Good morning from sort-of-sunny Oregon! The good news is that it's not raining. Yesterday it rained most of the day, putting a damper (puns, so good at the puns) on our outdoor sightseeing plans. We recovered nicely with a trip to a shopping mall, a leisurely lunch, and then, when the sun came out, a walk-n-shop down 23rd street. Sandy came with me on this trip.
23rd St. has all sorts of interesting shops and funky fare. I was specifically looking for something for John's birthday tomorrow. I have to tread lightly with this post because he can, after all, read it and spoil the surprise. Suffice to say that at this particular shop, where we were the only customers, and possibly the only customers of the entire DAY, we were met with a frosty reception by the two salesclerks. The clothing was very weird, very thin, and very over-priced. A pair of shorts, for instance, that looked to have been run over by a particularly large semi, were listed at $139. I scoffed, laughed, and was apparently overheard, because as soon as we made the minutest move towards the door the saleslady opened it up for us and stood there waiting for us to leave. She may have tapped her foot, I'm not sure.

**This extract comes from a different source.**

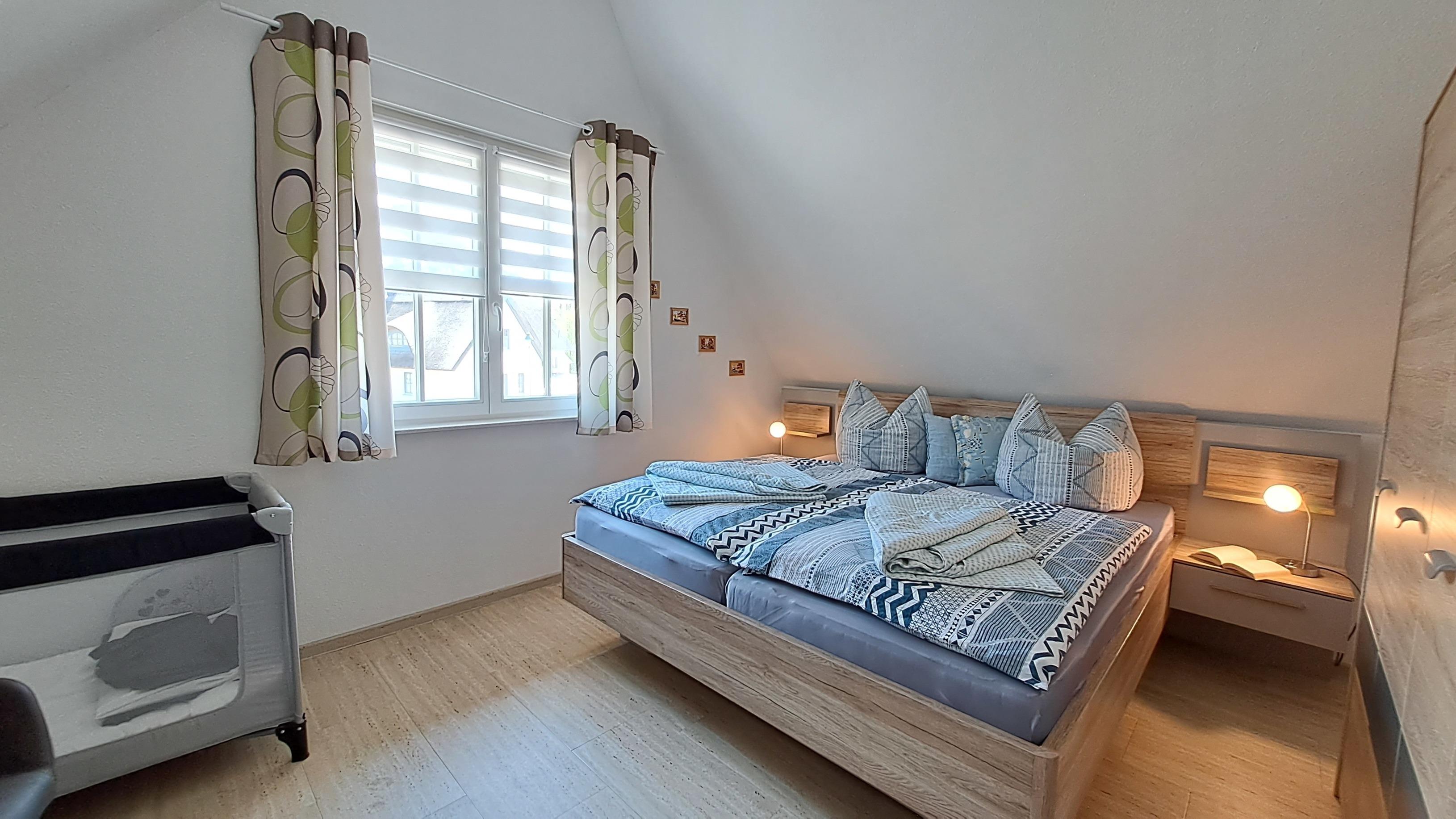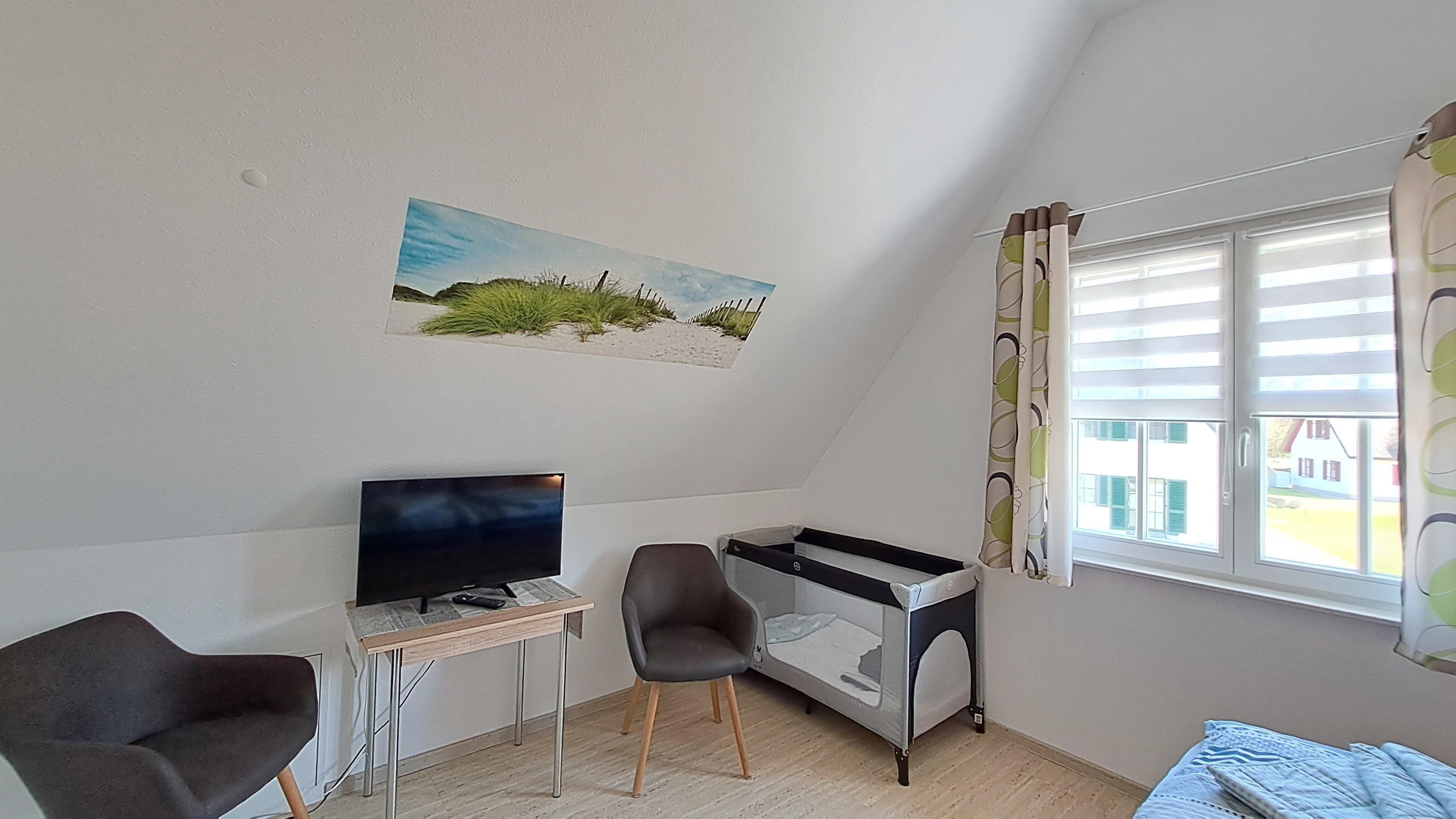 - Eines mit Doppelbett (180x200 cm), Kleiderschrank, Babyreisebett und Flachbild-TV

We continued up the street, back down the other side, and were eventually successful in another eclectic shop. As we strolled back by the first store I gave Sandy my very best Vivian impression:
Me: Watch me walk in there and be all "Oh hey. Remember me? I was in here a while ago and you wouldn't help me? You work on commission, right? (lifting up my one small shopping bag) Big mistake. HUGE. I must go shopping now!"
And then we laughed merrily and felt very superior, although if either of those two ladies had heard us we would have run in terror. (I'm made from a rare alloy called Afraidium if you will recall.)
Look, we're not in high school. We don't have BFF's or anything silly like that. But I have always felt secure knowing I was Sandy's BFNK . . . (Best Friend Named Karen) . . .
Sandy has a new GPS system for her car. She brought it with her, which makes navigating ever so much simpler, but there's a problem. The GPS voice has a name and that name is, you guessed it; Karen. She's Australian. How can I compete with that?! Aussie-Karen never gets lost. Aussie-Karen has a funky accent. Aussie-Karen can find gas stations and shopping malls.
I tried to sabotage Aussie Karen when I could. If she told me to turn right I'd just go straight, resulting in an exasperated "reCAAAculating" from Aussie Karen. I made her recalculate a bunch of times, until her voice started to grate on Sandy and she hit the mute button. Heh, heh, heh. Take THAT, you pretentious pile of genius satellite circuitry!
Oh I jest, of course. We'd be lost without Aussie Karen. No, I mean it. We'd be LOST!
I do have to wonder, though, why things like GPS systems and answering machines come with foreign voices. Does it just sound more sophisticated? Are we more likely to accept direction if delivered with an accent? I have a hard time believing that anywhere in the world they have GPS systems with American voices. I can't quite picture some French dude programming his GPS to sound like Mary-the-coalminer's-wife from Amazing Race.
FRENCH DUDE: Do I turn at zis intersecteeown, Mademoiselle Maree?
MARY: No! Just go straight! Go on! Git!!
And then, for character-accuracy, she navigates him completely in the wrong direction but never owns up to it.
OK, I'd better git. We have to get showered and over to the convention center for set-up day. The DollarScrapbooking booth will be even bigger and better than last year, so come early if you're coming!